Prezes Urzędu Ochrony Danych Osobowych (UODO)wszczął postępowanie administracyjne w sprawie przetwarzania przez Ministerstwo Edukacji i Nauki oraz Ministerstwo Zdrowia danych osobowych nauczycieli akademickich, doktorantów i studentów w sprawie szczepień przeciwko COVID-19. Sprawą przekazania tych informacji przez resort zdrowia do MEiN zajmował się Rzecznik Praw Obywatelskich Marcin Wiącek, który zwrócił się do prezesa UODO. Zdaniem RPO mogło dojść do "naruszenia konstytucyjnej zasady legalizmu".
Rzecznik Praw Obywatelskich Marcin Wiącek w styczniu 2022 roku wystąpił do ministra edukacji i nauki Przemysława Czarnka "o wyjaśnienie okoliczności uzyskania przez ministra właściwego do spraw szkolnictwa wyższego i nauki szczegółowych danych nauczycieli akademickich, studentów oraz doktorantów uczelni wraz z informacją o byciu zaszczepionym".

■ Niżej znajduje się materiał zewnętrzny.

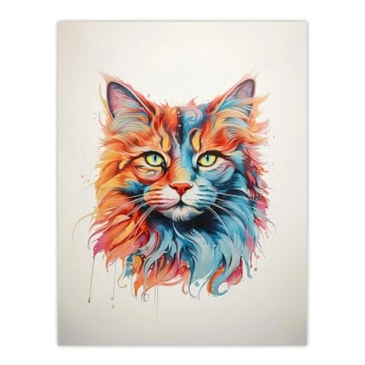 Artery8 Maine Coon Cat Lover Gift Pet Portrait Orange Blue Pink Artwork Painting Large Wall Art Poster Print Thick Paper 18X24 Inch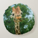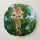 Giraffe Eating Weeds es una fotografía captada al aire libre en el Zoológico de Quad Cities (Zoológico Niabi en Coal Valley, IL). Se para alto y orgulloso contra el fondo de los árboles y los cielos azules. La lengua negra se desliza hacia un lado. La jirafa está a ambos lados de la almohada.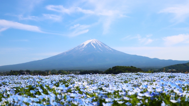 ・Seasonal flowers with Mount Fuji in the background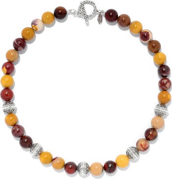 Polished semi-precious stones add vibrant shine to this sterling silver necklace secured by an ornately detailed toggle closure.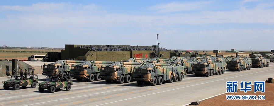 7月30日,慶祝中國人民解放軍建軍90周年閱兵在位于內蒙古的朱日和訓練基地舉行。中共中央總書記、國家主席、中央軍委主席習近平檢閱部隊并發表重要講話。這是常規導彈第1方隊。新華社記者 查春明 攝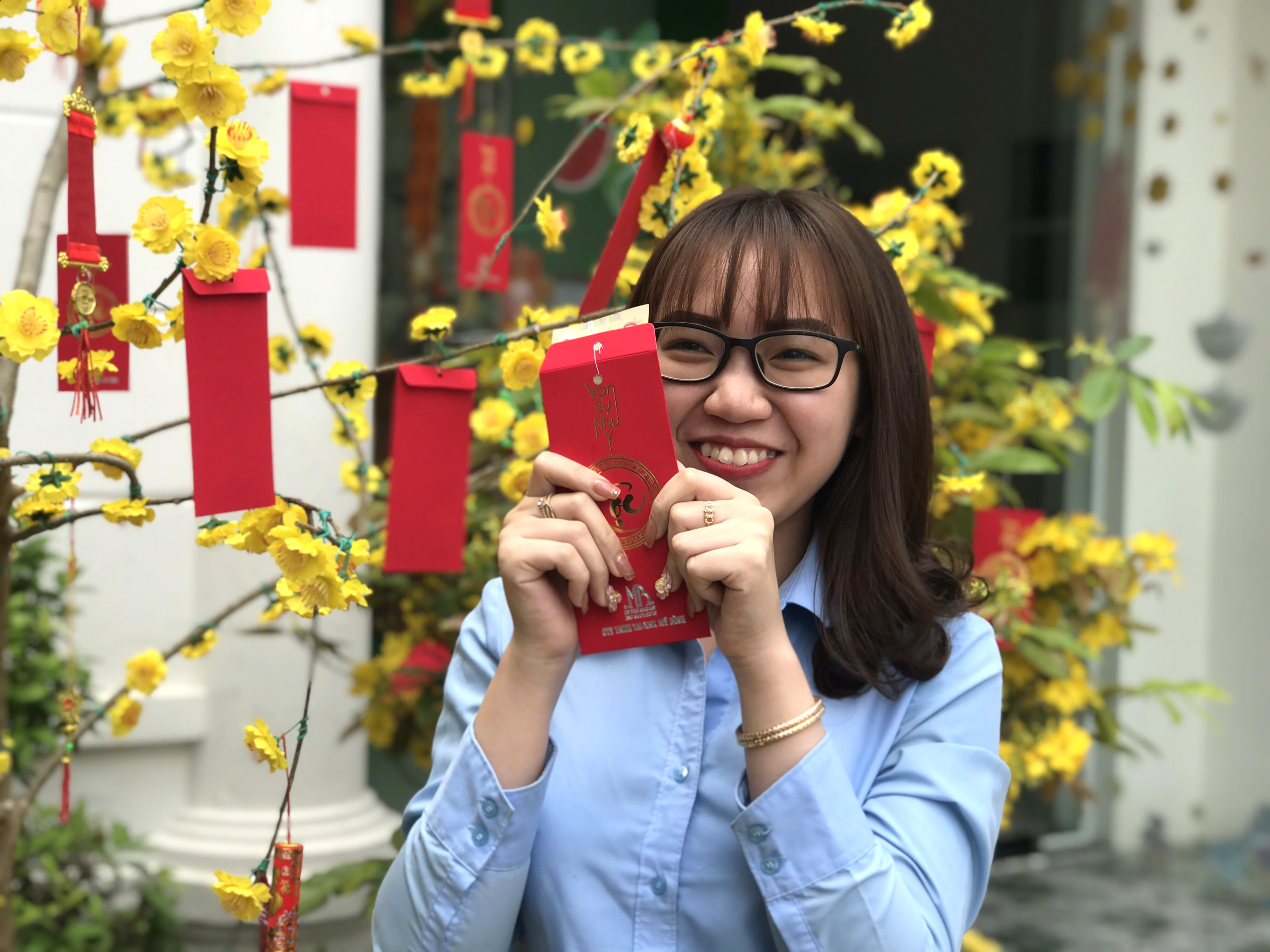 Những bao lì xì đỏ thắm gửi gắm những may mắn của Mỹ Bình trao gửi đến nhân viên công ty

ZOBACZ MATERIAŁ "FAKTÓW PO POŁUDNIU": Długi weekend, a studenci ruszyli do uczelni. Powód? Szczepienia na COVID-19
Jak wyjaśniono na stronie biura RPO, pismo wiązało się z obawami, że "minister ds. szkolnictwa wyższego i nauki mógł mieć dostęp do szczegółowych danych zdrowotnych". Podkreślono, że "są to dane o charakterze wrażliwym, co do których konstytucja przewiduje najwyższy stopień ochrony". "Żaden zaś akt prawny nie upoważnia ministra edukacji i nauki do dostępu do takich danych. Mogło zatem dojść do naruszenia konstytucyjnej zasady legalizmu, zgodnie z którą organy władzy działają na podstawie i w granicach prawa" - dodano.
Zestawiono dane w dwóch różnych rejestrach i połączono po numerze PESEL
Minister Czarnek - jak poinformowało biuro RPO - odpisał w lutym zeszłego roku w odpowiedzi dla Marcina Wiącka, że "na żadnym etapie weryfikacji poziomu zaszczepienia członków wspólnot uczelni, resort nie miał dostępu do szczegółowych danych o charakterze wrażliwym, pozwalających zidentyfikować poszczególne osoby". Wyjaśnił, że MEiN uzyskało "jedynie dane statystyczne na temat poziomu zaszczepienia w uczelniach, a więc dane anonimowe".
Z odpowiedzi resortu edukacji i nauki wynikało jednak, "zestawiono dane zawarte w dwóch różnych rejestrach i połączono je po numerze PESEL, by sprawdzić, które osoby z tych grup są zaszczepione, a które nie". Według informacji podanych przez biuro RPO, dane przekazano na zlecenie MEiN ze Zintegrowanego Systemu Informacji o Szkolnictwie Wyższym i Nauce POL-on do Elektronicznej Platformy Gromadzenia, Analizy i Udostępnienia Zasobów Cyfrowych o Zdarzeniach Medycznych.
Resort tłumaczył, że "z inicjatywy Konferencji Rektorów Akademickich Szkół Polskich 21 grudnia 2021 r. ministrowie edukacji oraz zdrowia zawarli porozumienie o współpracy w celu pozyskania informacji statystycznej o poziomie zaszczepienia przeciwko chorobie COVID w tym środowisku akademickim".
Prezes Urzędu Ochrony Danych Osobowych sprawdza
Rzecznik Praw Obywatelskich Marcin Wiącek zauważył, że do zestawienia danych doszło "na podstawie porozumienia, a więc bez podstawy prawnej wynikającej z ustawy". W lutym 2022 roku zwrócił się do prezesa Urzędu Ochrony Danych Osobowych Jana Nowaka o zbadanie sprawy.
UODO w piśmie skierowanym do RPO poinformował, że 27 lipca zostało wszczęte postępowanie administracyjne w sprawie przetwarzania przez Ministra Edukacji i Nauki oraz Ministra Zdrowia danych osobowych nauczycieli akademickich, doktorantów i studentów w zakresie szczepień przeciwko COVID-19. Dodano, że o wyniku postępowania RPO zostanie poinformowany "niezwłocznie" po rozstrzygnięciu.